In The Cost of Nosocomial Infections (Press Ganey Associates, n.d.) report that hospital acquired infections add a mean cost of $13,973 to each hospital stay. Within the surgical arena, much has been achieved with the intent to maintain sterility of surgical instruments and the surgical field, and thereby protect the patient from potential pathogens and disease transmission. The 1996 National Nosocomial Infections Surveillance Report found that surgical site infections (“SSI”) still account for 17% of the total HAIs (as cited in Mauermann and Nemergut, 2006), and with SSI caused by MRSA the cost is $135,367. Engemann et al. (2003) describe the actual number of SSIs occurring each year in the United States as 500,000, and they estimate for those caused by MRSA the additional losses can approximate $92,363 (as cited by Nelson, Bivens, Shinn, Wanzer, and Kasper, 2009).
Hall (1994) reports that the ability of the inanimate surgical environment to transmit infectious diseases or pathogenic microorganisms; has not been the focus of much research. Kramer, Scwebke, and Kampf (2006, p. 2334) discuss “inanimate surfaces as a frequent source of outbreaks for nosocomial infections”. Mangum, Horan, Pearson, Silver, and Jarvis (1999, p. 247), report that, “environmental surfaces in the operating room are rarely implicated as sources of pathogens important in the development of SSIs”. Despite these disagreements, Williams (2008, p. 274) proposes that the goal of all perioperative practices should be to prevent environmental contamination and breaching the chain of infection. She notes that “without a clean environment, other infection control measures such as hand hygiene and decontamination procedures may be undermined”. Current recommendations are consistent in their mandate that contaminated surfaces be cleansed with an appropriate disinfectant, only whenever visible soiling with blood or body fluids is recognized (OSHA, 1991, section 1910.1030[d][4][ii]) (CDC, 1999). OSHA offers more stringent stipulations on disinfection in this same section with “Contaminated work surfaces shall be decontaminated with an appropriate disinfectant after completion of procedures; immediately or as soon as feasible when surfaces are overtly contaminated or after any spill of blood or other potentially infectious materials; and at the end of the work shift if the surface may have become contaminated since the last cleaning”.

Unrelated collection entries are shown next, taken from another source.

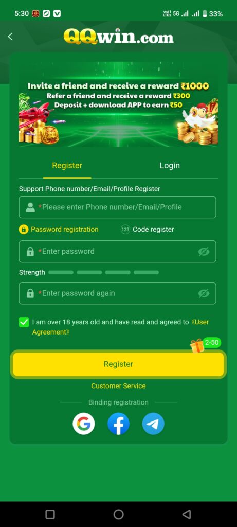 रजिस्ट्रेशन के बाद यूज़र अपने मोबाइल नंबर और पासवर्ड से QQ Win App में आसानी से लॉगिन कर सकता है। लॉगिन प्रक्रिया तेज़ और पूरी तरह से सुरक्षित होती है।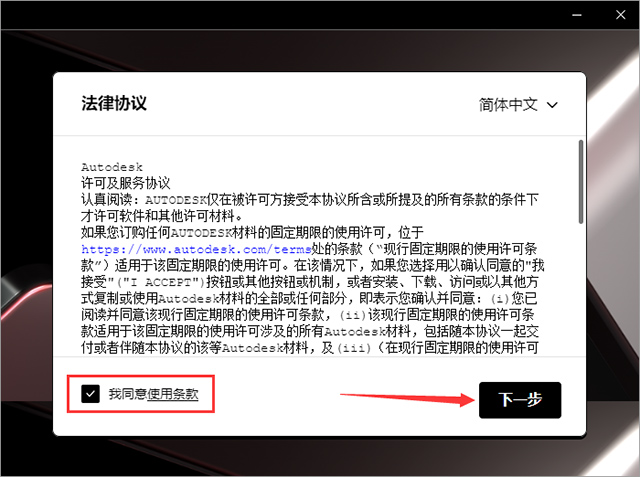 3、软件安装许可协议同意,勾选【我同意使用条款】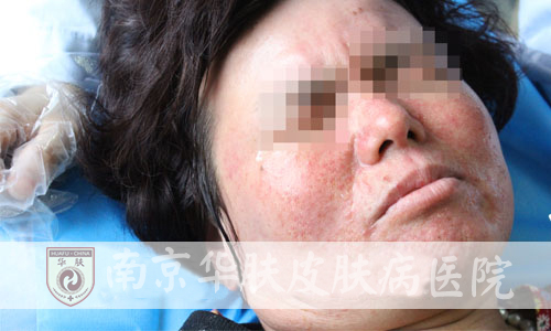 身边的朋友都知道刘姐的皮炎症状,为她四处打听治疗皮炎的好方法,辗转来到南京华肤皮肤病研究所,刚到医院的时候刘姐的脸部皮肤症状非常严重:皮肤大面积发红,满脸小疹子,并且脸颊出现“多毛症”。通过初步的皮肤专业诊断分析,初步判断为激素依赖性皮炎。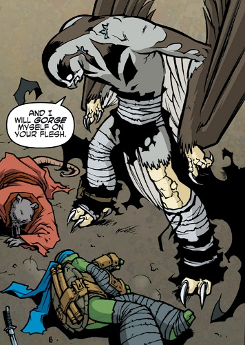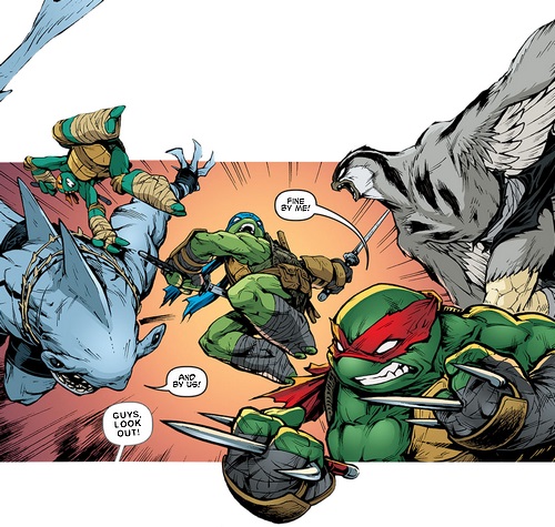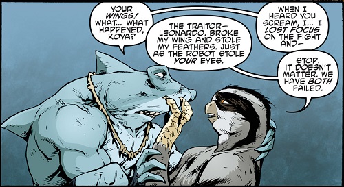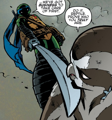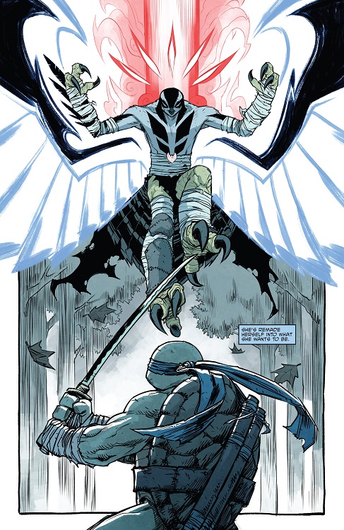 Se remettant de ses problèmes, Leonardo arriva à temps pour aider ses frères dans le combat. Ce fut Michelangelo qui renversa le rapace mutant avec une moto. Leonardo laissa la vie sauve à Koya, espérant ainsi lui montrer l’exemple. Le faucon s’en alla avec ses ninjas, promettant sa revanche. Ils disparurent dans les bois (TMNT (Vol. 5) #31).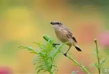 漠䳭是鹟科、䳭属小型鸟类,体长14-17厘米。雄鸟上体沙棕色,腰和尾上覆羽白色,两翅和尾黑色,尾基部白色,眼纹白色,眉纹以下整个脸和头侧以及颏、喉黑色,其余下体白色。雌鸟和雄鸟大致相似,但颏、喉白色,…全部>>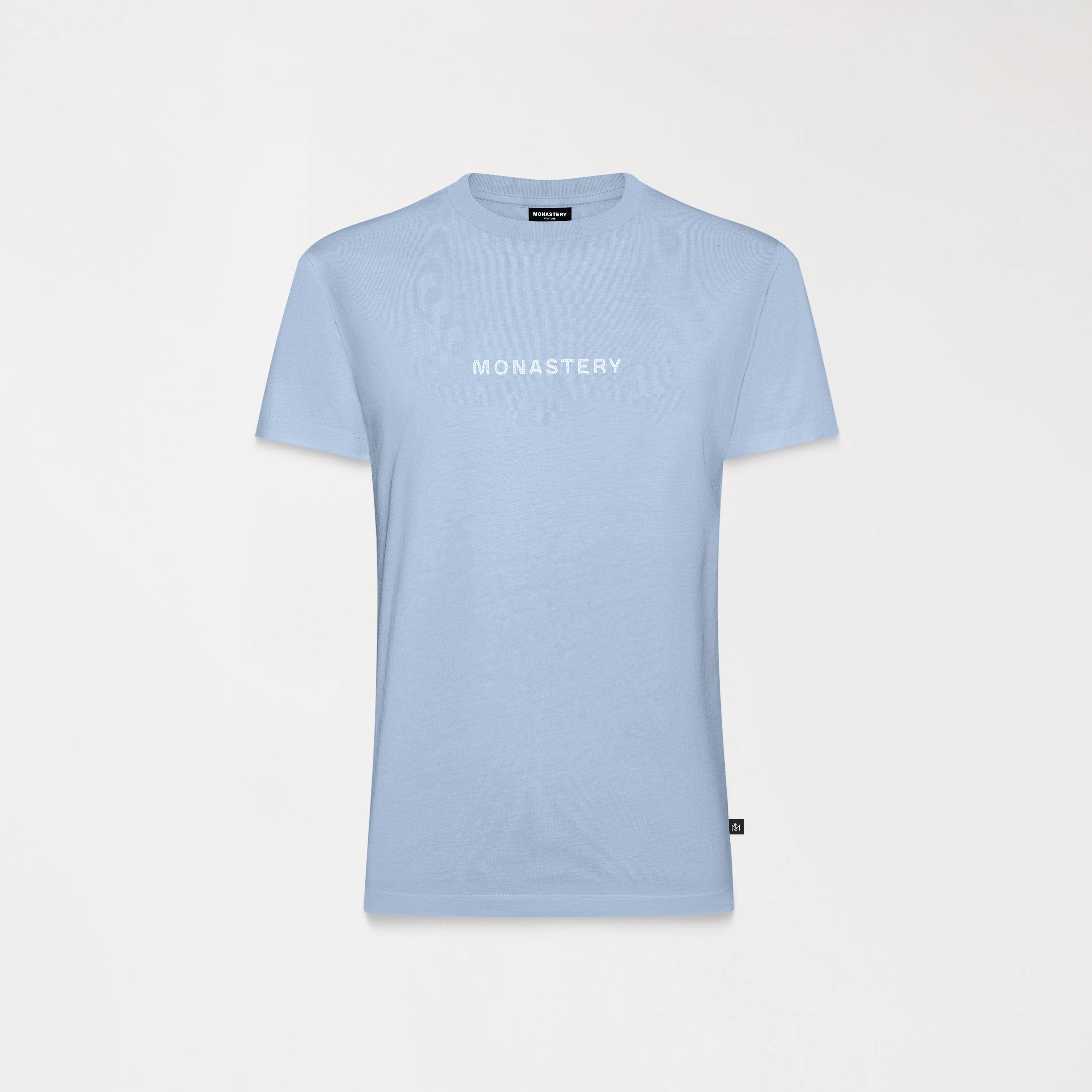 Women's t-shirt, made of premium cotton with elastane for greater comfort and freshness. This item has a fitted silhouette, highlighting the feminine figure, with artwork of our Monastery logo, using a contrasting sequin technique, giving it texture and dynamism. It is accompanied by the classic tone-on-tone logos on the back, making this item a versatile and dynamic garment, ideal for everyday wear.

However, Rowley and Dingwall (2007), citing multiple scientific studies, note the inability of current decontamination and sterilization procedures to remove all microbial and proteinaceous materials from surgical and anesthetic equipment. Multiple scientific studies have confirmed bacterial contamination and colonization of the surgical environment, pre and post disinfection (Hall, 1994; Nelson, Bivens, Sbinn, Wanzer, & Kasper, 2006). Madar, Novakova, & Baska (2005) found that inanimate objects tested for microbial growth, cultured bacteria (including MRSA) off of 92% of tested stethoscopes. The researchers also found pathogens on blood pressure cuffs, esmarch bandages, and refrigerator door handles. Boyce et al. (1997) discovered that out of 38 patients with MRSA infection or colonization, 27% of environmental surfaces in the patient rooms tested positive for MRSA.
When the results were controlled for body site of infection or colonization, 85% with a wound or urine infection had positive colonization of environmental surfaces in their rooms. Most notable of those surfaces were patient gowns, linens, overbed tables, and blood pressure cuffs. The concern of cross contamination is compounded by the ability of pathogens to survive for weeks or even months on inanimate surfaces (Kramer et al.).

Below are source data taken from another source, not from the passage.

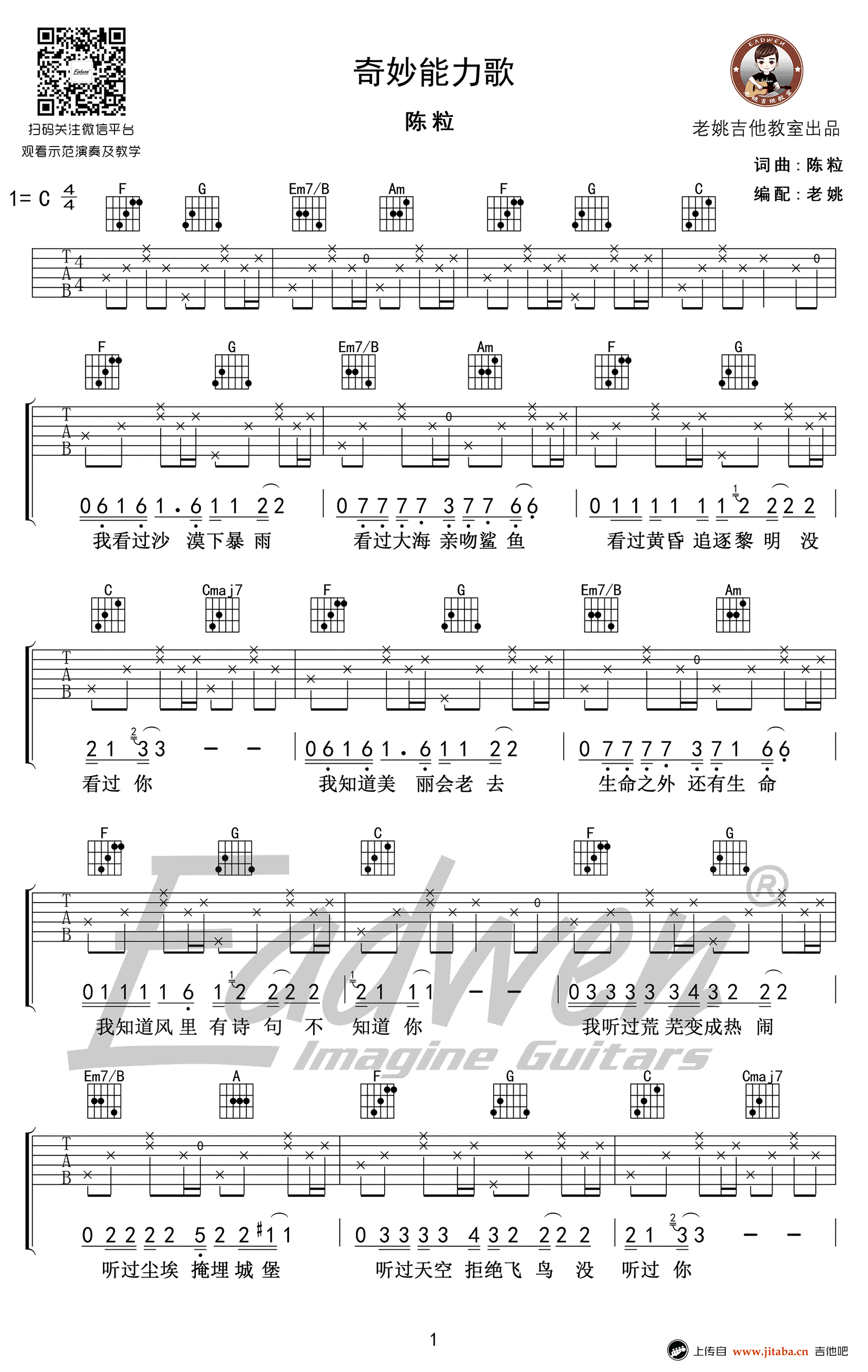 曲谱介绍: 陈粒《奇妙能力歌》吉他谱,C调简单版弹唱谱,随谱附上《奇妙能力歌》吉他教学视频。这首大热歌曲受到众多琴友们的喜爱,编配很简单,非常适合吉他初学者练习。感谢老姚提供曲谱和弹唱教学。 91吉他谱网站是专业曲谱和吉他教学网站,本站已经开通微信公众号的找谱功能,欢迎大家通过:jitabacn 微信公众号来学习和交流。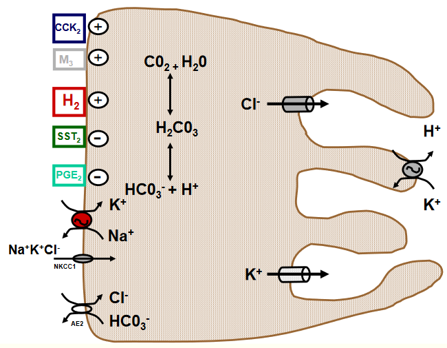 | HCl | maag | parietaalcel | Ach, histamine | |||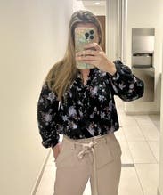 Very cute and comfortable blouse. Love the details - it has a nice print (not too busy), buttons, tassels, and cuffed balloon sleeves. It got a peasant blouse vibe. The hemline is curved and quite short, so it's not a blouse you could tuck in. I paired it with high rise jeans for WFH.

Considerable evidence has also been acquired to implicate anesthesia equipment as reservoirs of bacterial colonization and blood contamination (Hall, 1994; Masylak et al, 2002; Simmons, 2000). Also noted as included in this area are the anesthesia machine, the supply cart(s), the surgical bed, and specialized equipment such as infusion pumps, warming devices, intravenous (IV) line poles, phones. See AANA Journal, June 2009, Vol. 77, No. 3, page 231.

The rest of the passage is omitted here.